Enfin, vient le problème de la polymédicamentation des personnes âgées.
Le risque d’interaction augmente avec le nombre de médicaments pris par jour, et atteint 10% avec 6-10 molécules, et dépasse 50% avec plus de 16 (Sources CREDES et PAQUID)
Seize comprimés différents, c’est énorme me direz-vous.
Lisez l’ordonnance de votre grand-mère/grand-père et vous serez surpris.
J’ai ressorti et résumé ce cours, que je faisais l’an dernier aux médecin généralistes dans le cadre de la formation médicale continue à la suite de la parution d’un article dans le dernier JAMA (Boyd CM, Darer J, Boult C, et al. Clinical practice guidelines and quality of care for older patients with multiple comorbid diseases. JAMA 2005; 294:716-724.)
Les auteurs s’interrogent sur la validité de études cliniques, et des recommandations de pratique médicale chez les personnes âgées.
Ils donnent un exemple virtuel frappant.
Soit un homme de 79 ans ayant les pathologies suivantes, toutes de gravité modérée :
Ostéoporose, osteoarthrite, diabète de type 2, bronchite chronique, et HTA.
Selon les recommandations actuelles (aux Etats-Unis), il faudrait :
- Prendre 12 traitements différents, avec 19 prises médicamenteuses, réparties en 5 fois sur 24 heures.
- Il faudrait qu’il fasse un peu d’exercice avec des poids pour son ostéoporose, mais cela est interdit par ailleurs si son diabète est compliqué par une neuropathie périphérique.
Douze traitements différents, représentent environ 30% de risque d’interactions médicamenteuses significatives.
Plus on avance, plus c’est complexe de soigner les gens….
Comme d’habitude, l’étude du JAMA est citée ici.
10:00 Publié dans Médecine | Lien permanent | Commentaires (2)
Commentaires
A la fac on arrete pas de nous bassiner que si l'espérance de vie augmente, les conditions de vie et les facultés sont elles aussi revues à la hausse en terme de durée.

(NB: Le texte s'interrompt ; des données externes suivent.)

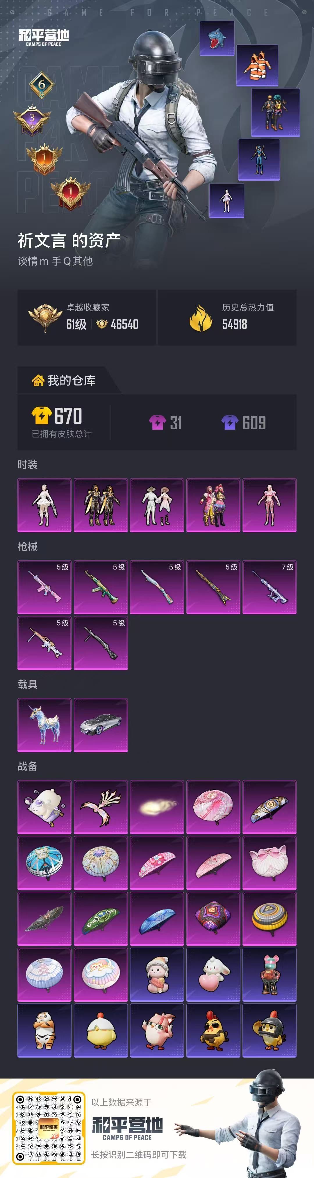 【账号佳】 【可二次实名】蓝螳螂+小丑鱼+5粉+7枪+2车 【区服】安卓QQ 【封号情况】无封号 【沉迷情况】有防沉迷 【段位】不朽星钻Ⅳ 【热力值】54918 【收藏家】卓越收藏家:61级 【历史最高段位】卓越王牌13星 【王牌印记】6 【卓越印记】3 【传奇印记】1 【绝世印记】1 【游戏等级】61 【当前赛季KD值】第三人称-四排 0,第三人称-双排 0,第三人称-单排 0,第一人称-四排 0,第一人称-双排 0,第一人称-单排 0, 【稀有资产数量】17 【套装数量】120 【枪械数量】177 【粉枪械数量】7 【粉套装数量】5 【载具数量】2 【飞行器数量】3 【稀有资产】角色-千金淑猫/套装-缤纷油彩/M416-电玩时刻[5级]/角色-Mark.06/套装-深海小丑鱼/套装-小丑鱼/套装-浪漫天命/套装-龟仙人/套装-迅捷狂鲨/套装-绒宝小鹅/套装-秘语星愿/套装-夏日倾情/角色-粉雾星云/角色-都市丽猫/角色-摩登魅猫/角色-银尘/角色-冰公主 【粉色套装】角色-守护天翼/套装-创世·救赎/套装-牡丹亭·游园 【粉色枪皮】AMR-鸢尾晶梦[7级]/AKM-绿萝繁花[5级]/Kar98K-巳巳如意[5级]/Kar98K-创世·救赎[5级]/DP-28-豹影疾电[5级]/MG-36-沧焰双生[5级] 【载具】星梦玉骢/星河领航(磐石银) 【飞行器】齐天大圣飞行器/凤舞九天飞行器/酣梦熊熊飞行器 【珍稀背包】炫彩节奏背包(3级)/绝对恒星背包(2级)/炫彩节奏背包(2级)/沙丘之主背包(1级)/绝对恒星背包(1级) 【珍稀头盔】绝对恒星头盔(3级)/墨龙九天头盔(2级)/绝对恒星头盔(2级)/绝对恒星头盔(1级) 【动作】肯定/拒绝三连/缤纷气象/要抱抱/鼓掌/甜美闪耀/迎接太阳/元气律动/比心五连拍/我错了/欢欣鼓舞/轻俏诗歌/鞠躬/无限欢脱/爱心小熊/舞动英歌/一起扭扭/摸摸脸/气场全开/包行的/魅力四射舞/拜托了/摸摸头/光剑格斗/青春节拍/甜蜜时刻/俄舞/生气跺脚/你好/派对之星/酷帅节拍/击掌/走/活力扭扭/不行/吃鸡式搜房/爱心发射/听我口令/热潮律动/锤你哦/午后漫步/优美支点/不听不听
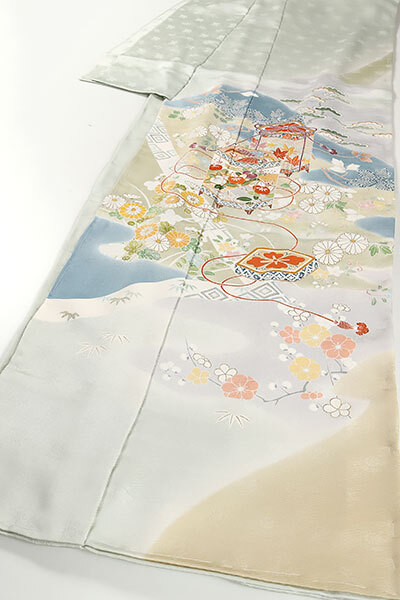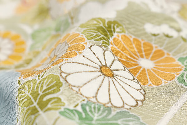 紗綾形に蘭と菊をあしらった本紋の地紋入りの上質な生地は、白緑色の上品なお色目で、やや光沢感がございます。
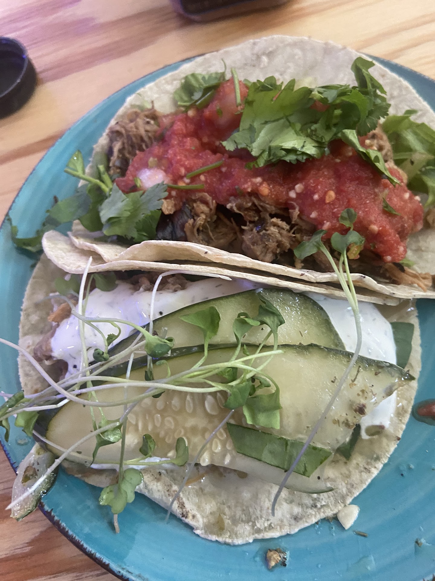 Creative tacos, not your normal taqueria. Cute little place. The menu is a bit overwhelming, thankfully the guy gave us a menu tour which did help but it was still overwhelming. Iām glad I looked online first because I kind of knew what I wanted to get. You walk up to a counter to order. The menu is on the wall. Tbh this makes it very overwhelming with a menu that has so many options and variations it would be better done as an in hand menu. After ordering I heard the workers talking in the back about how they canāt understand how someone, even after the menu has been explained to them that they canāt figure out what to order. I can tell you right now that it is the way that the menu is presented. Itās the names and the way the ingredients are listed. Having the spicy items listed in red helped my guy order because he knew which items he wanted immediately. I on the other hand needed to read the overwhelming list of ingredients. The smell when I walked in was a bit sour and there were a few flies around the kitchen and counter area which was off putting. The flies and overwhelming menu almost made me want to leave. I ended up getting an Odin and a Becky- both were super wet with the water from the bin the chicken was pulled from. They definitely need a spoodle. Because they are not draining their scoops. My tacos were so soggy and wet that it was a mess to eat. My first bite of the Odin got all over me and the table. While the flavor and presentation were good the actuality of the taco was a disaster. The last plate photo in my post shows the liquid that came out of both my tacos. My guys tacos were different meats than mine so he didnāt have my issue. He had the moe and the Amanda. He said the moe was interesting and the Amanda was best. We had the Nathan to share which was really good. The worker never checked up on us or pre-bussed our table but did it for a family that sat next to us. This was upsetting. I was gonna talk to them about my experience but figured after hearing them talk about the customers before hand and the fact that they didnāt check up on us that they probably didnāt care. Good not great....

Personellement ça m'a toujours semblé bizarre qu'on puisse vivre de plus en plus vieux en gardant un maximum d'autonomie, comme si l'esperance de vie était en fait étirable à l'infini.
C'est donc une histoire de compromis entre durée et qualité au final ?
Écrit par : Kurtizoide | 24/08/2005
En fait, l'espérance ET la qualité de vie augmentent.
Mais, quand l s'agit de traiter, plus l'âge augmente, et plus on favorise la qualité de vie par rapport à la durée de vie. Et ce, d'autant plus que les traitements sont de plus en plus difficile à manier avec l'âge grandissant, et que les pathologies sont débilitantes.
Par exemple, en l'absence de contre indication, c'est un meurtre de pas instaurer un traitement par IEC chez un patient insuffisant cardiaque systolique de moins de 70-75 ans (jusquà 80, en fonction de l'état général).
Au delà, je suis beaucoup moins catégorique.
Mais par ailleurs, les IEC améliorent AUSSI la qualité de vie. Donc tout est une question d'équilibre risque/bénéfice.
Quels risques dois-je faire courir au patient pour lui prolonger la vie?
A 50 ans, la question ne se pose pas, à 85-90 ans, beaucoup plus.